_WHAT NEEDS TO BE DONE_:
The records that follow are to be printed exactly, with no images.

═══

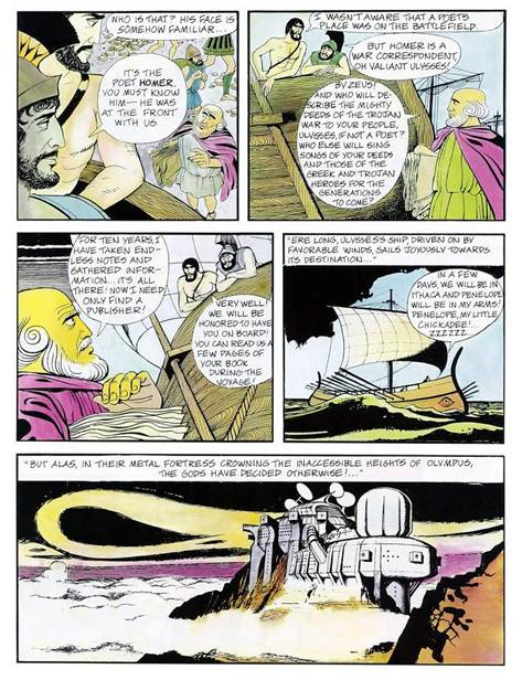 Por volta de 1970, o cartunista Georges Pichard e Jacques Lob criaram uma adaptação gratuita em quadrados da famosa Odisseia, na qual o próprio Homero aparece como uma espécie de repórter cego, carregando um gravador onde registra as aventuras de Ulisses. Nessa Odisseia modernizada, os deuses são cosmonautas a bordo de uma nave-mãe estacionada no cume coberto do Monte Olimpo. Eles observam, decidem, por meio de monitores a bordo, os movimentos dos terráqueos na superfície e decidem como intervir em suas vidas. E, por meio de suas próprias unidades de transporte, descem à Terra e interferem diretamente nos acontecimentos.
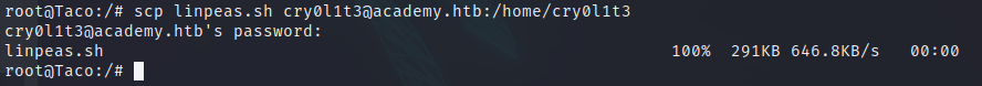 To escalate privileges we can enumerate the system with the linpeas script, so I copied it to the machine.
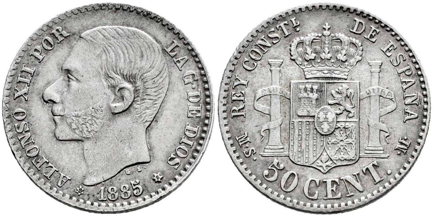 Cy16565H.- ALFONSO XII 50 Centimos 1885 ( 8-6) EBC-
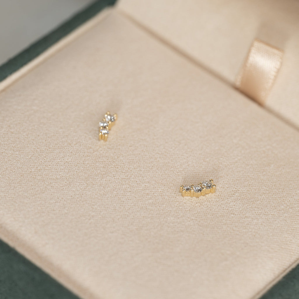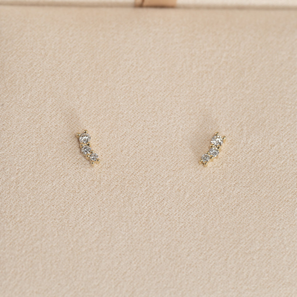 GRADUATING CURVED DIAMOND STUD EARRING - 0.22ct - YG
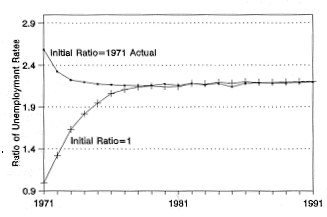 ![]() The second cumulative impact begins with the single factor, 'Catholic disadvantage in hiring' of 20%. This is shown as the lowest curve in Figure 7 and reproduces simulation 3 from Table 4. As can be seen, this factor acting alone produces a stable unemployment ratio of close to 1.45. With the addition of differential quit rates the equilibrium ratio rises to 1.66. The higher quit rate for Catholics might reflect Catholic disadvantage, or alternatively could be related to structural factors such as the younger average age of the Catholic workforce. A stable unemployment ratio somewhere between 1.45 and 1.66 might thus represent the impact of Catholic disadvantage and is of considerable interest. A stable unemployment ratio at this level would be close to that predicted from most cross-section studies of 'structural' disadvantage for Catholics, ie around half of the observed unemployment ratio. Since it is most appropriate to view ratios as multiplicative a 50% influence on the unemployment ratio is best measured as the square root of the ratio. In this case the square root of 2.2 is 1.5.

═══

_SOLUTION TO THE EXERCISE_:
 Por volta de 1970, o cartunista Georges Pichard e Jacques Lob criaram uma adaptação gratuita em quadrados da famosa Odisseia, na qual o próprio Homero aparece como uma espécie de repórter cego, carregando um gravador onde registra as aventuras de Ulisses. Nessa Odisseia modernizada, os deuses são cosmonautas a bordo de uma nave-mãe estacionada no cume coberto do Monte Olimpo. Eles observam, decidem, por meio de monitores a bordo, os movimentos dos terráqueos na superfície e decidem como intervir em suas vidas. E, por meio de suas próprias unidades de transporte, descem à Terra e interferem diretamente nos acontecimentos.
 To escalate privileges we can enumerate the system with the linpeas script, so I copied it to the machine.
 Cy16565H.- ALFONSO XII 50 Centimos 1885 ( 8-6) EBC-
 GRADUATING CURVED DIAMOND STUD EARRING - 0.22ct - YG
 ![]() The second cumulative impact begins with the single factor, 'Catholic disadvantage in hiring' of 20%. This is shown as the lowest curve in Figure 7 and reproduces simulation 3 from Table 4. As can be seen, this factor acting alone produces a stable unemployment ratio of close to 1.45. With the addition of differential quit rates the equilibrium ratio rises to 1.66. The higher quit rate for Catholics might reflect Catholic disadvantage, or alternatively could be related to structural factors such as the younger average age of the Catholic workforce. A stable unemployment ratio somewhere between 1.45 and 1.66 might thus represent the impact of Catholic disadvantage and is of considerable interest. A stable unemployment ratio at this level would be close to that predicted from most cross-section studies of 'structural' disadvantage for Catholics, ie around half of the observed unemployment ratio. Since it is most appropriate to view ratios as multiplicative a 50% influence on the unemployment ratio is best measured as the square root of the ratio. In this case the square root of 2.2 is 1.5.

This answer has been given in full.